__THE INPUT__.
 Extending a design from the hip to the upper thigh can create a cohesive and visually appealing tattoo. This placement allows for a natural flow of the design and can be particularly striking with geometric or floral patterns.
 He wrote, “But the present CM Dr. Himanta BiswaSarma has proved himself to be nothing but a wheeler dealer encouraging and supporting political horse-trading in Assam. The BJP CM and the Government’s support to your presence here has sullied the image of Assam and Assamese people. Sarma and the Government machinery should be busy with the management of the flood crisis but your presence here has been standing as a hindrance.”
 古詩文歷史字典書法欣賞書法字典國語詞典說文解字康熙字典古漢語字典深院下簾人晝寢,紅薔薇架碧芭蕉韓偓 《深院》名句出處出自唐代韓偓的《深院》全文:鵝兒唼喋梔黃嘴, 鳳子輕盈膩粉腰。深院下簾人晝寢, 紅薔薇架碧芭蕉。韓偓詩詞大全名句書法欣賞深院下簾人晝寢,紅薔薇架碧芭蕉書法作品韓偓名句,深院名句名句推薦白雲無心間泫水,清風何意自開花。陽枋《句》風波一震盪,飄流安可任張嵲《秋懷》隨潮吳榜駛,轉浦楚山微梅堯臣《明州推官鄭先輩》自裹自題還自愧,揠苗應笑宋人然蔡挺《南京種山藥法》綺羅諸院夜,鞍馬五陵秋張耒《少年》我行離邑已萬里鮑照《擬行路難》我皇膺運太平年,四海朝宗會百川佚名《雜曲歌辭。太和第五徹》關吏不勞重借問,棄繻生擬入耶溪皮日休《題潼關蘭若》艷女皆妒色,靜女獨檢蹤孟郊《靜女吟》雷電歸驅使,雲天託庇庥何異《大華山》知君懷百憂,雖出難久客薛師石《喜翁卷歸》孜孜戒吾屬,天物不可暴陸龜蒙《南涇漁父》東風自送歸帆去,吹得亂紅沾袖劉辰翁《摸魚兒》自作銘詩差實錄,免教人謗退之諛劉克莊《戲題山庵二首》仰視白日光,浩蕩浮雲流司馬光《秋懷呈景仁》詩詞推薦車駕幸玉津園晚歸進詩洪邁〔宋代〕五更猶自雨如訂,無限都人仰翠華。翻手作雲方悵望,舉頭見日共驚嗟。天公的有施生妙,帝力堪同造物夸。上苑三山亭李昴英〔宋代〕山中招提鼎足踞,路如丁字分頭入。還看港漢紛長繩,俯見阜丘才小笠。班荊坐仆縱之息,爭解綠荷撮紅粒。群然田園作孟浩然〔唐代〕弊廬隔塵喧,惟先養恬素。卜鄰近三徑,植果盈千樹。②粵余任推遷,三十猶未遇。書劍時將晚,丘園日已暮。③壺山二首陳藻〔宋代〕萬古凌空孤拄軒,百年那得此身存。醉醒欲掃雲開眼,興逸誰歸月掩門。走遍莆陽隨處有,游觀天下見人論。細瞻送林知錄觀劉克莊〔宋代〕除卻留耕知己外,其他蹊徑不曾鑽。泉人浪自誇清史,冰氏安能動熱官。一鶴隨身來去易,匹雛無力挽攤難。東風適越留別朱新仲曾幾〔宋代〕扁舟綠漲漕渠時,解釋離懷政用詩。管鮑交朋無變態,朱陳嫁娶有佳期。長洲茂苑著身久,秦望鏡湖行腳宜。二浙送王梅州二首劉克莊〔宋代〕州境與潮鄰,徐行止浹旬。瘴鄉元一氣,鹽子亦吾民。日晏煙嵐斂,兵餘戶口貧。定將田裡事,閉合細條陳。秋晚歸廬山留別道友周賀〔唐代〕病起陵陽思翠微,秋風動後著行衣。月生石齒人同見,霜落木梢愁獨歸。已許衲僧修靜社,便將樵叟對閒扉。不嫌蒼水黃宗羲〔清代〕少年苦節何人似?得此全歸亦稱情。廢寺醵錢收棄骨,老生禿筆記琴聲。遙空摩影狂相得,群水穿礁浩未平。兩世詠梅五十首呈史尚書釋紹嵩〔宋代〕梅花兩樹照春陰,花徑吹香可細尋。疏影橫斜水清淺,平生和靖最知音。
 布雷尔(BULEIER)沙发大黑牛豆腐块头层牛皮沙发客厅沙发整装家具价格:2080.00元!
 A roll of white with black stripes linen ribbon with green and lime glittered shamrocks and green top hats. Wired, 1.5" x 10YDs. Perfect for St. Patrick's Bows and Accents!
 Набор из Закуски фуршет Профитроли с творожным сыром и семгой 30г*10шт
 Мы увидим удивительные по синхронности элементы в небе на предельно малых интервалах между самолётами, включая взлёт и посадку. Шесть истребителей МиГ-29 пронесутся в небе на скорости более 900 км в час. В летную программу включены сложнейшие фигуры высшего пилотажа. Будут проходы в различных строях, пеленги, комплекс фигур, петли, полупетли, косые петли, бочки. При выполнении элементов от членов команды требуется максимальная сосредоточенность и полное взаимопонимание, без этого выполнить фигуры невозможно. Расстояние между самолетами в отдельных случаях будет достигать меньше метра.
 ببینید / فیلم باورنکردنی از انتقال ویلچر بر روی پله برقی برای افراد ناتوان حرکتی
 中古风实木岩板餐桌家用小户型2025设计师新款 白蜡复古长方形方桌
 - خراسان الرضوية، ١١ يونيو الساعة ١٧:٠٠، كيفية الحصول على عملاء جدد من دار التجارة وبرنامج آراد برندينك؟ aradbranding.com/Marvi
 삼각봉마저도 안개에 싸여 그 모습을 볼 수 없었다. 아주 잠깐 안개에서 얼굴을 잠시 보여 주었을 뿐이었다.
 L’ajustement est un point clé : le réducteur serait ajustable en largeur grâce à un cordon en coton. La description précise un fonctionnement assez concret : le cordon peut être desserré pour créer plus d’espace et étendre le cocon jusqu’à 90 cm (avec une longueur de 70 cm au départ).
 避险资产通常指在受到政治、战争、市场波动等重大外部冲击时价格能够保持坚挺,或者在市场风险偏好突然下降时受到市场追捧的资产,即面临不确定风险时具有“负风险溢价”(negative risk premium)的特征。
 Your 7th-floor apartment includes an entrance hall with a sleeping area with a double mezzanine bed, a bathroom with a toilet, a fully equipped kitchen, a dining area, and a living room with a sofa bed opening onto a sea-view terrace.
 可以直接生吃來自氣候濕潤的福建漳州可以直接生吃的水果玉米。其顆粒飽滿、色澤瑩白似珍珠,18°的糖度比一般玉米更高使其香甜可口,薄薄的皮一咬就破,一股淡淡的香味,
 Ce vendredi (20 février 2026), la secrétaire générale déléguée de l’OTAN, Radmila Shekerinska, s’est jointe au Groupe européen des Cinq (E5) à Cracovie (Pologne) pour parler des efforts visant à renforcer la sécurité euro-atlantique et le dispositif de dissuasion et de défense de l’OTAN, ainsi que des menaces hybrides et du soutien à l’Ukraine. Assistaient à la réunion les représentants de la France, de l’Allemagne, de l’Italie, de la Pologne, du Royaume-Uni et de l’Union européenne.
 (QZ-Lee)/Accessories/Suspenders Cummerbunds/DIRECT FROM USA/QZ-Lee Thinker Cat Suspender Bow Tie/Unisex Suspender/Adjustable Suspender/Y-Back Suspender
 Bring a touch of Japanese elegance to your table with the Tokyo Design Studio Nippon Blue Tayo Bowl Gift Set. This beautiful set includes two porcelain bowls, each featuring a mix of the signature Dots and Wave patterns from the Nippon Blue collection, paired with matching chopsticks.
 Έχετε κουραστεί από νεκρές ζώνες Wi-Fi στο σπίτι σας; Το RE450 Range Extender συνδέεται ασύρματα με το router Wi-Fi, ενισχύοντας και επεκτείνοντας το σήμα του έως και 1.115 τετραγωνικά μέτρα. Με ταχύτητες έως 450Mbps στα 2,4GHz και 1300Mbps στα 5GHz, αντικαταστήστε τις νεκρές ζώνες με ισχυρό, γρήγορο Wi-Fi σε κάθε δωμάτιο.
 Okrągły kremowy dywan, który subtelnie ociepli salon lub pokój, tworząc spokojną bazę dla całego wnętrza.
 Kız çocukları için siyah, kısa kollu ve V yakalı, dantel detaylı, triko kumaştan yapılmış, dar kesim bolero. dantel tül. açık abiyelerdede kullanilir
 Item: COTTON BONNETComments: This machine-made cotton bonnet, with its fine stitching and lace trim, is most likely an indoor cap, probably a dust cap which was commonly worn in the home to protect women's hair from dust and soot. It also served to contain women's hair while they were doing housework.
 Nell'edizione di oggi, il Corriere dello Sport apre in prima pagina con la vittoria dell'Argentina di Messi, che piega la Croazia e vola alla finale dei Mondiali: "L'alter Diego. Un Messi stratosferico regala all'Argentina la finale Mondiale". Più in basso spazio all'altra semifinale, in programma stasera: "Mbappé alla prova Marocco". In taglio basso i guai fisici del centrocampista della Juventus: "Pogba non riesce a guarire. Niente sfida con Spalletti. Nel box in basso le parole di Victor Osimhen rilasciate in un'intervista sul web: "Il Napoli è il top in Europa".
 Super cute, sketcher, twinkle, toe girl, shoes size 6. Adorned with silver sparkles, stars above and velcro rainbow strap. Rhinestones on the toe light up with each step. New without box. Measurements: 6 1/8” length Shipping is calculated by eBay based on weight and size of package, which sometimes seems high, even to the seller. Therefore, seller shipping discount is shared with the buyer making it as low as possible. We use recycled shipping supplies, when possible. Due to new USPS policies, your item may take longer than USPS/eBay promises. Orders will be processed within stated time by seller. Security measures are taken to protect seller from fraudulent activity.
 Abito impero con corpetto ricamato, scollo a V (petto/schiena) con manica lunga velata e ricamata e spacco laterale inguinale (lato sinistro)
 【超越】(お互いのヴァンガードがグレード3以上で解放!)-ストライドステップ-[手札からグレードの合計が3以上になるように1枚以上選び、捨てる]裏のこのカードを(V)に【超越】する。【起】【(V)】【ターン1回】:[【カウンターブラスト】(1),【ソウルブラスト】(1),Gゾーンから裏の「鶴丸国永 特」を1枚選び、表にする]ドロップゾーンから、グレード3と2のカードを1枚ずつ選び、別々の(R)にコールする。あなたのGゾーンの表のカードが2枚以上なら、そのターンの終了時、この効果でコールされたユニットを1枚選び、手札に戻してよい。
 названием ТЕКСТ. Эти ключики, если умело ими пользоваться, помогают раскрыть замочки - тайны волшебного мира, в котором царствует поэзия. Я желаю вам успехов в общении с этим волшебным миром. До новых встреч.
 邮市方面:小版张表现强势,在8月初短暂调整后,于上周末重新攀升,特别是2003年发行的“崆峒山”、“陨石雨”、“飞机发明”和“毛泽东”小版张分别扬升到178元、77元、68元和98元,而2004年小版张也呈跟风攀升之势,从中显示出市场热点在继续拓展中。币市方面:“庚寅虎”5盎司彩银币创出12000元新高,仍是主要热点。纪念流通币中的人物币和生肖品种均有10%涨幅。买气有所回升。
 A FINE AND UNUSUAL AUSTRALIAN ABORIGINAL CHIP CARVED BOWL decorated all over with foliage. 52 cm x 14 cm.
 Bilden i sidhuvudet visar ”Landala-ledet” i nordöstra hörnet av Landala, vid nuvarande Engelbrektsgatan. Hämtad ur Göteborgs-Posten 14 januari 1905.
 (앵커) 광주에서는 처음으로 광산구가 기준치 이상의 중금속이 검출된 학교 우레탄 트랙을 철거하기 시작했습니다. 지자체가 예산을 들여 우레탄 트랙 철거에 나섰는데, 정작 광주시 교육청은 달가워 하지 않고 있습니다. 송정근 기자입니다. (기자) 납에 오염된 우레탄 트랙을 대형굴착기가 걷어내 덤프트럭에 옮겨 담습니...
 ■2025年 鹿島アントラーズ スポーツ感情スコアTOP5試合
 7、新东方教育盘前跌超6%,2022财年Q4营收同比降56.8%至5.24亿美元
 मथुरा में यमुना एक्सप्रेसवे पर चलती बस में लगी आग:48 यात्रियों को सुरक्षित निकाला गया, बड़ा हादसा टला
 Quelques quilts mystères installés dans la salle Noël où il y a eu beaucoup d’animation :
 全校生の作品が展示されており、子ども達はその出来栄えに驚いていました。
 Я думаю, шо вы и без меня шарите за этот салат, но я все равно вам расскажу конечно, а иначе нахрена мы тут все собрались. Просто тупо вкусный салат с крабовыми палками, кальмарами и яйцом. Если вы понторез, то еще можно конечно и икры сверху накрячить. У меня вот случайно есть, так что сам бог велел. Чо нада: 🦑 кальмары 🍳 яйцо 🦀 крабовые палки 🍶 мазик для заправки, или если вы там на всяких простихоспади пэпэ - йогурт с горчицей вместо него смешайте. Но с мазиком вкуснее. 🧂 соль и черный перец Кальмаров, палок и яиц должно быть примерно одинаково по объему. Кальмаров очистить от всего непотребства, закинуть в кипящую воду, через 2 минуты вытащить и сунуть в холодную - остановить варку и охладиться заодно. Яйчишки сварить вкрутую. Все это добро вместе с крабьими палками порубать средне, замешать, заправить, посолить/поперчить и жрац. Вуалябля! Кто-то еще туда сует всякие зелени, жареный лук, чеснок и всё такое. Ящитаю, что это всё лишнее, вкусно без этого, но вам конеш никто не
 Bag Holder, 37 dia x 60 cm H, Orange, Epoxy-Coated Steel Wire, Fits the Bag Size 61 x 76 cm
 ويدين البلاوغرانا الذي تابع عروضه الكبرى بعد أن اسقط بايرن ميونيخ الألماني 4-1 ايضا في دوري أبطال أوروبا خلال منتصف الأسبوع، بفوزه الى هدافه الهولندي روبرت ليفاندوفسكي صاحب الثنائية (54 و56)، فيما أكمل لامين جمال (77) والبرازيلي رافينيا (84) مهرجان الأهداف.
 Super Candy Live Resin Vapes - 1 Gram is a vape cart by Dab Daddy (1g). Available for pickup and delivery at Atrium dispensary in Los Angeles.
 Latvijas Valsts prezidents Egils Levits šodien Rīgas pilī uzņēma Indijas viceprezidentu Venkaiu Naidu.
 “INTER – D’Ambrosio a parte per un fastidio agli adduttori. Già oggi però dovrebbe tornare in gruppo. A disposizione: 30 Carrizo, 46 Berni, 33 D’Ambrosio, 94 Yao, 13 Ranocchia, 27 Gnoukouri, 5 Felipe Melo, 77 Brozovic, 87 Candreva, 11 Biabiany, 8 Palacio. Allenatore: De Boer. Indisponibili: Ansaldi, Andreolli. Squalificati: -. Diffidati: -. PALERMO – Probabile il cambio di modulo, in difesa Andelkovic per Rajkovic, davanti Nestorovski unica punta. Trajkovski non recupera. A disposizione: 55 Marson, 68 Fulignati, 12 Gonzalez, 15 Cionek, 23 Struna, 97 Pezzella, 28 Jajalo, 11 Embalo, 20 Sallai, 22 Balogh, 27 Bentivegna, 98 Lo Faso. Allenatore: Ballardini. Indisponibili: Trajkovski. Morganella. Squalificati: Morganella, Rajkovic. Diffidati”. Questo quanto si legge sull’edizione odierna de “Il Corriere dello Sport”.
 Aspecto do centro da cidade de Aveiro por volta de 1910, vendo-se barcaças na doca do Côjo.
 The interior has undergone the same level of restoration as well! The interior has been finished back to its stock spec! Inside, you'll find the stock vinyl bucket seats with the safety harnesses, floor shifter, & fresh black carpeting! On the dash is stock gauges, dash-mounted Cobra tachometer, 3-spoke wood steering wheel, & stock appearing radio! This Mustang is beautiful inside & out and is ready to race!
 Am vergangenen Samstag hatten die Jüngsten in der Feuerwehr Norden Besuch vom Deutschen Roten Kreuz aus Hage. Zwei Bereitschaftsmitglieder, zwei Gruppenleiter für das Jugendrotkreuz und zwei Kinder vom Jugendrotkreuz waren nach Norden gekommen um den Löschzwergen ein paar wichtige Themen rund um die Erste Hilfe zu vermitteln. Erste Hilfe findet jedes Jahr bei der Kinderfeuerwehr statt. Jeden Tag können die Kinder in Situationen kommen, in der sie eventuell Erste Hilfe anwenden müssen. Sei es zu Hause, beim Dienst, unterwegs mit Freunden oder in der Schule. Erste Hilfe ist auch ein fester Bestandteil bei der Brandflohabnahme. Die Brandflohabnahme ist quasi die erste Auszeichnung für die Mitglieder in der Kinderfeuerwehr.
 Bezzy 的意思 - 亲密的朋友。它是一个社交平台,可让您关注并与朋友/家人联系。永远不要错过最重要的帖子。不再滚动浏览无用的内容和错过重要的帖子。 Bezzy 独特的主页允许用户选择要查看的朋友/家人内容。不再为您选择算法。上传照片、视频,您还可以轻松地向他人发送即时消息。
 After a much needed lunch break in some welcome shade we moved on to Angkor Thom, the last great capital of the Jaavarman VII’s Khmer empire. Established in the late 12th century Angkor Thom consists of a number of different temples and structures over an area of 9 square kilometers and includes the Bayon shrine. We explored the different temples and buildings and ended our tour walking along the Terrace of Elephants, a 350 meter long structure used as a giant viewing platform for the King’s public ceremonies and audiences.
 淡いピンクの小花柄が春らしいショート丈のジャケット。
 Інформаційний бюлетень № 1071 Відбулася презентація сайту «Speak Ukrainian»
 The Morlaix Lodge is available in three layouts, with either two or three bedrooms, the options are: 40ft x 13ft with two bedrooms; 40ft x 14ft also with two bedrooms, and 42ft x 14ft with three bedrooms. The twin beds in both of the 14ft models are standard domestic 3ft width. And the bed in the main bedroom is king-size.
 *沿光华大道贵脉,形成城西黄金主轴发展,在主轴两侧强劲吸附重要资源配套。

__EXERCISE__. Would you copy each line of the records that contains "beautiful"?

__TASK ANSWER__.
 Bring a touch of Japanese elegance to your table with the Tokyo Design Studio Nippon Blue Tayo Bowl Gift Set. This beautiful set includes two porcelain bowls, each featuring a mix of the signature Dots and Wave patterns from the Nippon Blue collection, paired with matching chopsticks.
 The interior has undergone the same level of restoration as well! The interior has been finished back to its stock spec! Inside, you'll find the stock vinyl bucket seats with the safety harnesses, floor shifter, & fresh black carpeting! On the dash is stock gauges, dash-mounted Cobra tachometer, 3-spoke wood steering wheel, & stock appearing radio! This Mustang is beautiful inside & out and is ready to race!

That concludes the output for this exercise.